Include the necessary eIQ TensorFlow Lite Micro library header files and the converted model.

Including header files

#include "tensorflow/lite/micro/micro_error_reporter.h"
#include "tensorflow/lite/micro/micro_interpreter.h"
#include "tensorflow/lite/micro/all_ops_resolver.h"
#include "mobilenet_v1_0.25_128_quant_model.h"

Allocate a static memory buffer for input and output tensors and intermediate arrays. Load the FlatBuffer model image (assuming the mobilenet_v1_0.25_128_quant_model.h file generated in Converting a model to a C language header file defines an array named mobilenet_model and a size variable named mobilenet_model_len), build the interpreter object and allocate memory for tensors.

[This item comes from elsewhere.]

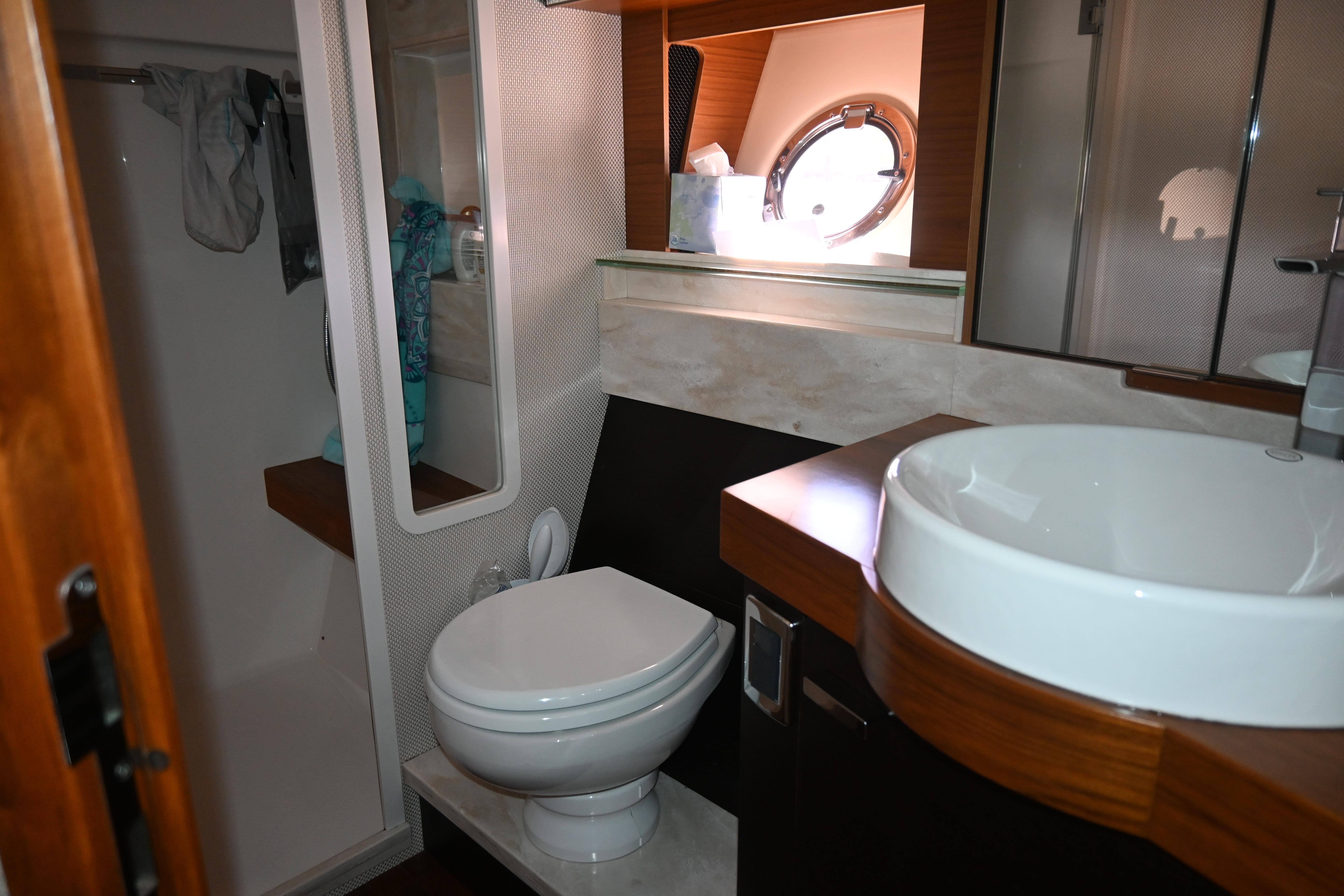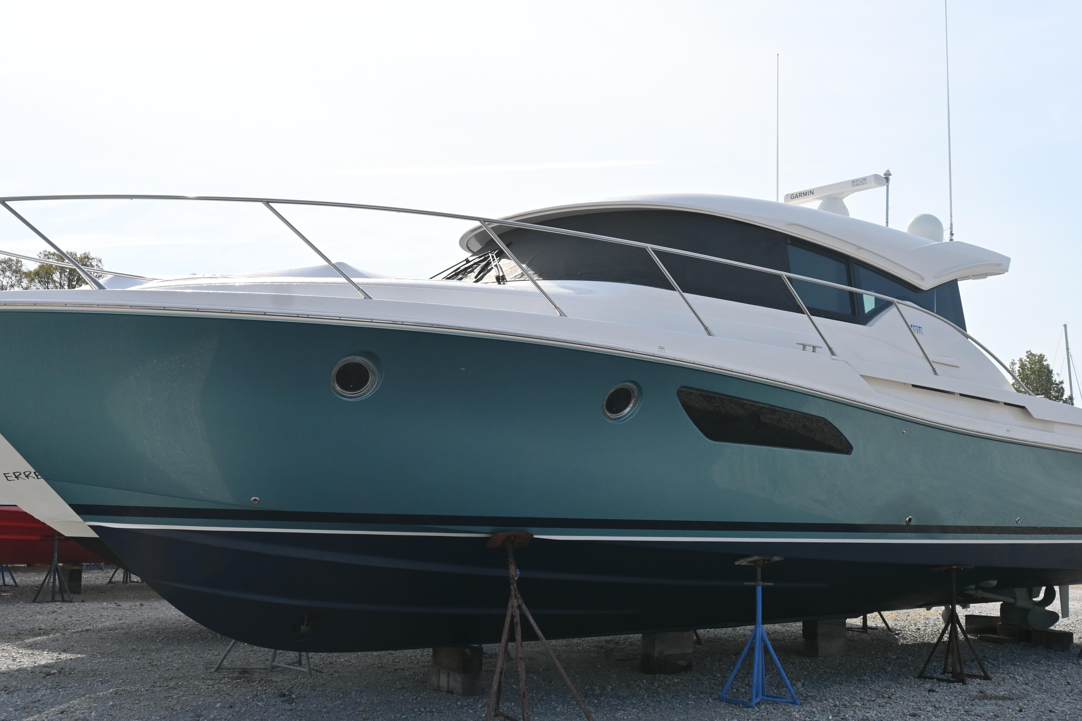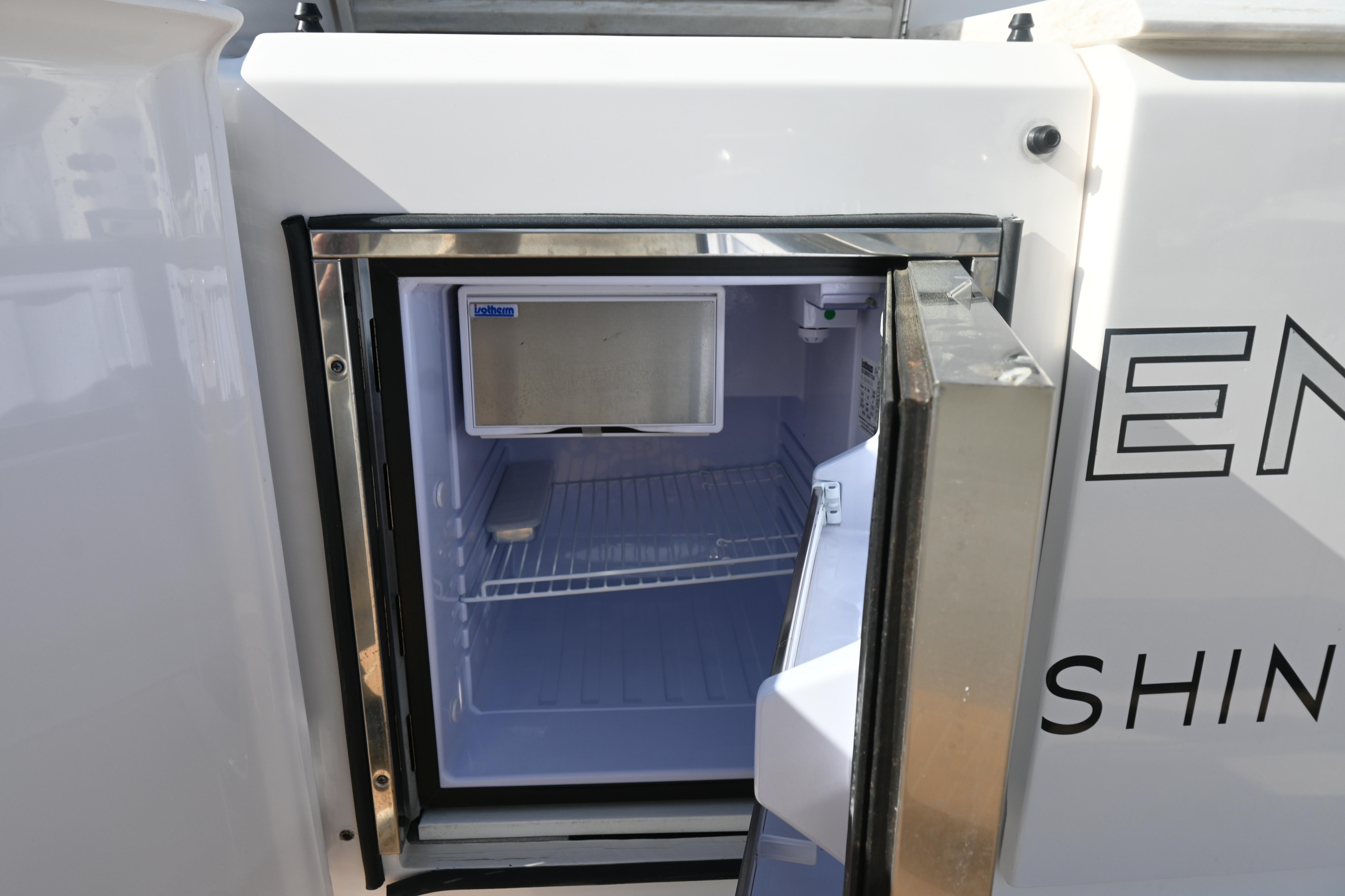 Her custom “Light Aqua Effect” hull paint turns heads wherever she goes, while the spacious cockpit and salon layout provide a seamless flow between indoor and outdoor living. A large swim platform, transom grill, outdoor refrigerator, retractable sunshade and expansive bow sun pad make her ideal for entertaining, while the massive transom trunk with powered door adds impressive storage for day trips, weekend getaways, or extended cruising.
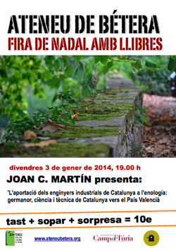 Joan C. Martín torna a l’Ateneu de Bétera per explicar-nos la relació industrial del Principat amb el País Valencià, com aquella relació va fer lluir la cultura i la indústria del vi entre els valencians. “L’aportació dels enginyers industrials de Catalunya a l’enologia (sobretot a la viticultura). germanor, ciència i tecnologia del Principat versus el País Valencià”.

Loading the FlatBuffer model

constexpr int kTensorArenaSize = 1024 * 1024;
static uint8_t tensorArena[kTensorArenaSize];
const tflite::Model* model = tflite::GetModel(mobilenet_model);
// TODO: Report an error if model->version() != TFLITE_SCHEMA_VERSION
static tflite::AllOpsResolver microOpResolver;
static tflite::MicroErrorReporter microErrorReporter;
static tflite::MicroInterpreter interpreter(model,
  microOpResolver, tensorArena, kTensorArenaSize,
  microErrorReporter);
interpreter->AllocateTensors();
// TODO: Check return value for kTfLiteOk

Fillhe input data into the input tensor. For example, if a speech recognition model, image data from a camera or audio data from a microphone. The dimensions of the input data must be the same as the dimensions of the input tensor. These dimensions were specified when the model was created.

Fill-in input data
```
// Get access to the input tensor data
TfLiteTensor* inputTensor = interpreter->input(0);
// Copy the input tensor data from an application buffer
for (int i = 0; i < inputTensor->bytes; i++)
  inputTensor->data.int8[i] = input_data[i];
```

Run the inference and read the output data from the output tensor. The dimensions of the output data must be the same as the dimensions of the output tensor. These dimensions were specified when the model was created.

Running inference and reading output data

// Run the inference
interpreter->Invoke();
// TODO: Check the return value for TfLiteOk
// Get access to the output tensor data
TfLiteTensor* outputTensor = interpreter->output(0);
// Copy the output tensor data to an application buffer
for (int i = 0; i < outputTensor->bytes / sizeof(float32); i++)
  output_data[i] = outputTensor->data.f[i];

NPU inference {#npu_infer .section}

Running an inference using a model converted for the NPU requires registration of a custom operator implementation. First the header file with the custom operator implementation interface must be included.

#include "tensorflow/lite/micro/kernels/micro_ops.h"
#include "tensorflow/lite/micro/all_ops_resolver.h"
#include "tensorflow/lite/micro/kernels/neutron/neutron.h"				

Next, the specialized implemetation has to be registered in the operator resolver object.

static tflite::AllOpsResolver microOpResolver;
microOpResolver.AddCustom(tflite::GetString_NEUTRON_GRAPH(),  
	tflite::Register_NEUTRON_GRAPH());			

The specialized NPU nodes from the converted model are the executed using this newly registered implementation.

Adjusting the tensor arena size {#adjust_arena .section}

The tensor arena is a static memory buffer used for intermediate tensor and scratch buffer allocation. The size of the tensor arena buffer is set by the kTensorArenaSize constant in the example above. The value depends on the tensor sizes used in the model and on the hardware-specific implementations of kernels, which may require various sizes of scratch buffers for intermediate computations. The value can be determined experimentally by running an inference with a small value, so the library fails with an insufficient tensor memory error and prints the missing amount. Continue adjusting the size until the error stops being reported. If the target hardware changes, readjust the value.